● **Problem to work on**
Without copying any picture, return all lines below exactly.

● **Collected material**
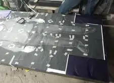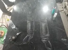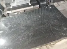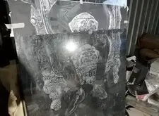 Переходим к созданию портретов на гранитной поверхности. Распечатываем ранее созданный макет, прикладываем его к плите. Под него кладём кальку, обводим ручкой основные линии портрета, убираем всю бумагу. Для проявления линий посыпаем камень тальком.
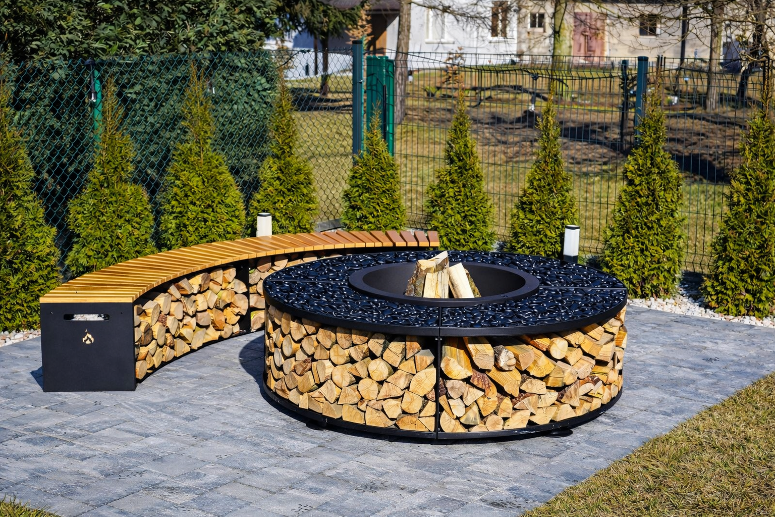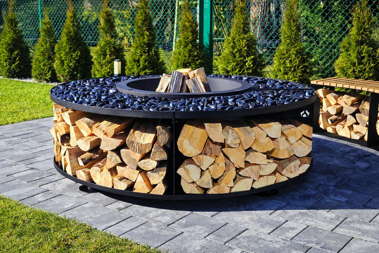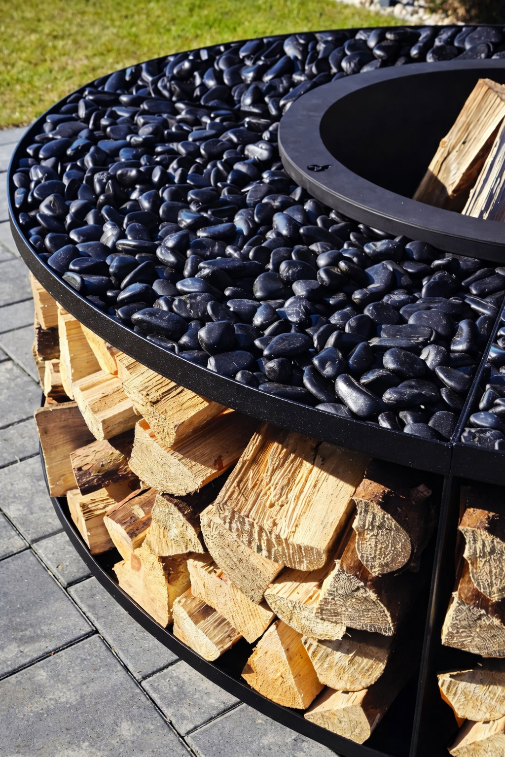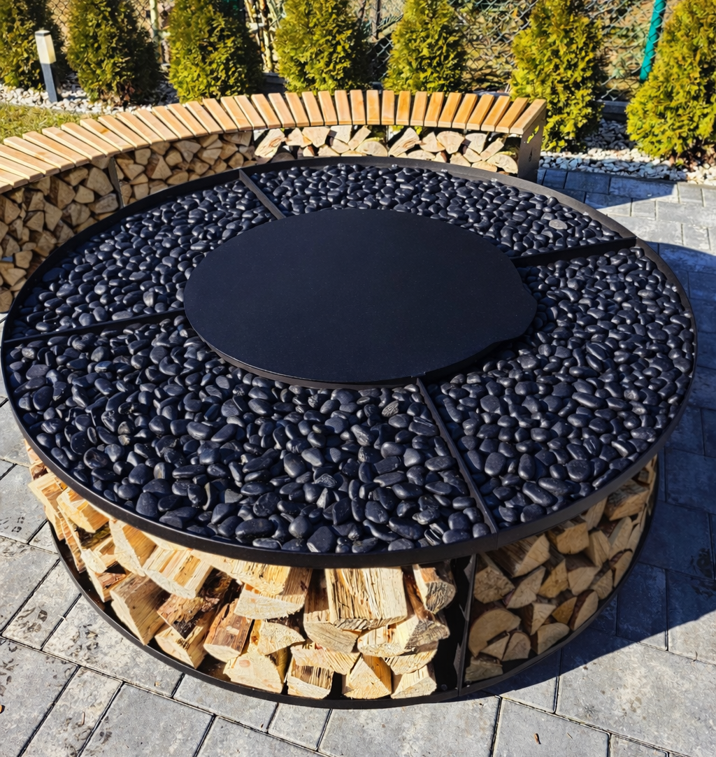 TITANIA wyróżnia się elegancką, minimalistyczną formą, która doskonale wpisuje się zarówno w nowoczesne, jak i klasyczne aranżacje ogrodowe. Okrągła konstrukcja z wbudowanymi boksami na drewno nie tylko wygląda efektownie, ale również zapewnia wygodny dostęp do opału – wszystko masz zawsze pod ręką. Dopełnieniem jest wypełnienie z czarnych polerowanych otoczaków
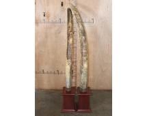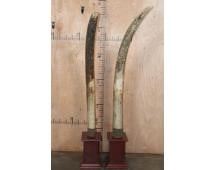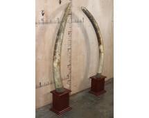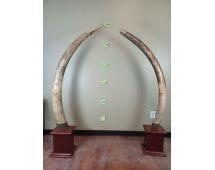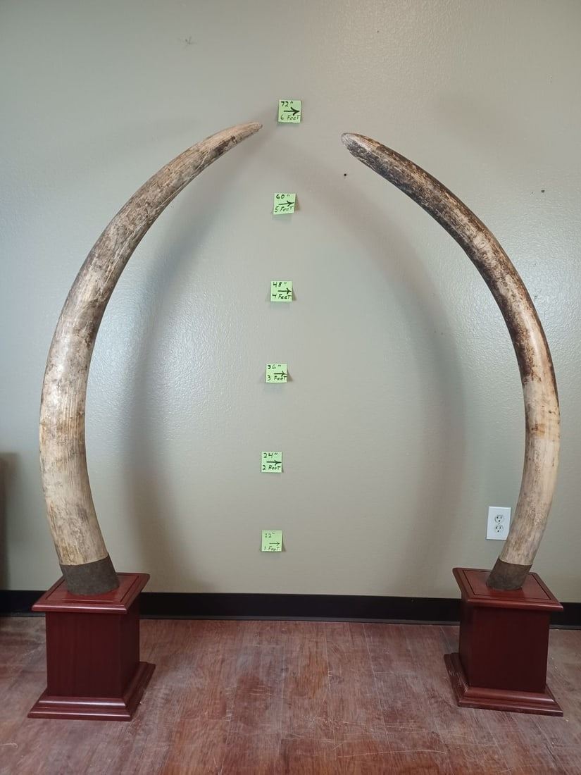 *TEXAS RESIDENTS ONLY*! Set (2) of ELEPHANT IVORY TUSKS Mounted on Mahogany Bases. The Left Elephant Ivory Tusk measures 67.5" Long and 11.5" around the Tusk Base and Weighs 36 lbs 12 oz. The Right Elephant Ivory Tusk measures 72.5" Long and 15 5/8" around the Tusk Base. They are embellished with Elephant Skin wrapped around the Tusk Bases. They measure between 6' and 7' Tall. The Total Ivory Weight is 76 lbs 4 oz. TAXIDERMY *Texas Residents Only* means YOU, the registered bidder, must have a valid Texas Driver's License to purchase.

● **Output**
 Переходим к созданию портретов на гранитной поверхности. Распечатываем ранее созданный макет, прикладываем его к плите. Под него кладём кальку, обводим ручкой основные линии портрета, убираем всю бумагу. Для проявления линий посыпаем камень тальком.
 TITANIA wyróżnia się elegancką, minimalistyczną formą, która doskonale wpisuje się zarówno w nowoczesne, jak i klasyczne aranżacje ogrodowe. Okrągła konstrukcja z wbudowanymi boksami na drewno nie tylko wygląda efektownie, ale również zapewnia wygodny dostęp do opału – wszystko masz zawsze pod ręką. Dopełnieniem jest wypełnienie z czarnych polerowanych otoczaków
 *TEXAS RESIDENTS ONLY*! Set (2) of ELEPHANT IVORY TUSKS Mounted on Mahogany Bases. The Left Elephant Ivory Tusk measures 67.5" Long and 11.5" around the Tusk Base and Weighs 36 lbs 12 oz. The Right Elephant Ivory Tusk measures 72.5" Long and 15 5/8" around the Tusk Base. They are embellished with Elephant Skin wrapped around the Tusk Bases. They measure between 6' and 7' Tall. The Total Ivory Weight is 76 lbs 4 oz. TAXIDERMY *Texas Residents Only* means YOU, the registered bidder, must have a valid Texas Driver's License to purchase.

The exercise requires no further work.